In dask distributed, tasks are distributed over a cluster nodes via scheduler. I'm looking to introduce a per node dependency on task submitted to a node. Briefly, a compute operation that I'm seeking to perform needs to:
I also want to enqueue (1) and (2) multiple times multiple times on differing datasets.
I've tried to set this up as a minimal example:
from __future__ import print_function
import dask.array as da
from dask.base import tokenize
from distributed import (Client, LocalCluster,
get_worker, as_completed)
import numpy as np
cluster = LocalCluster(n_workers=0)
cluster.start_worker(name="Alice")
cluster.start_worker(name="Bob")
cluster.start_worker(name="Eve")
with cluster, Client(cluster.scheduler_address) as client:
workers = client.scheduler_info()['workers'].values()
workers = [v['name'] for v in workers]
print("Workers {}".format(workers))
def init_worker():
get_worker()._stuff = 0
return "OK"
# Call init_worker on each worker.
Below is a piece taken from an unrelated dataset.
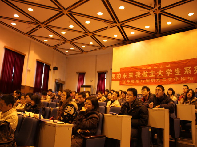 當(dāng)天戶(hù)外寒風(fēng)蕭瑟,報(bào)告廳內(nèi)卻是歡聲笑語(yǔ),暖意盎然。講座吸引了眾多畢業(yè)生參與,許多同學(xué)提前一個(gè)多小時(shí)就來(lái)到了報(bào)告廳等候。下午兩點(diǎn),講座正式開(kāi)始。國(guó)家人力資源和社會(huì)保障部就業(yè)促進(jìn)司高校畢業(yè)生就業(yè)處李祥偉副處長(zhǎng)從當(dāng)前高校畢業(yè)生總體就業(yè)形勢(shì),高校畢業(yè)生就業(yè)與創(chuàng)業(yè)政策措施,關(guān)于自主創(chuàng)業(yè)有關(guān)建議三個(gè)方面給同學(xué)們做了全面細(xì)致的指導(dǎo)。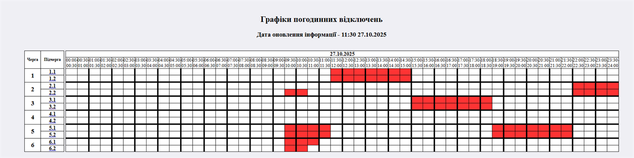 1 черга 1, 2 підчерги – з 11.30 - 15.00, 22.00 -24.00.

Need pure to
# ensure this happens multiple times
init_futures = [client.submit(init_worker, pure=False,
workers=[w])
for w in workers]
assert all(f.result() == "OK" for f in as_completed(init_futures))
A = da.arange(0, 20, chunks=(5,), dtype=np.float64)
def inc_worker(A):
w = get_worker()
w._stuff += 1
print("{}[{}]".format(w.name, w._stuff))
return A + w._stuff
def increment(A):
""" Call inc_worker """
from dask.base import tokenize
name = 'increment-' + tokenize(A)
dsk = { (name, i): (inc_worker, (A.name, i))
for n, i in A.dask.keys() }
dsk.update(A.dask)
return da.Array(dsk, name, A.chunks, A.dtype)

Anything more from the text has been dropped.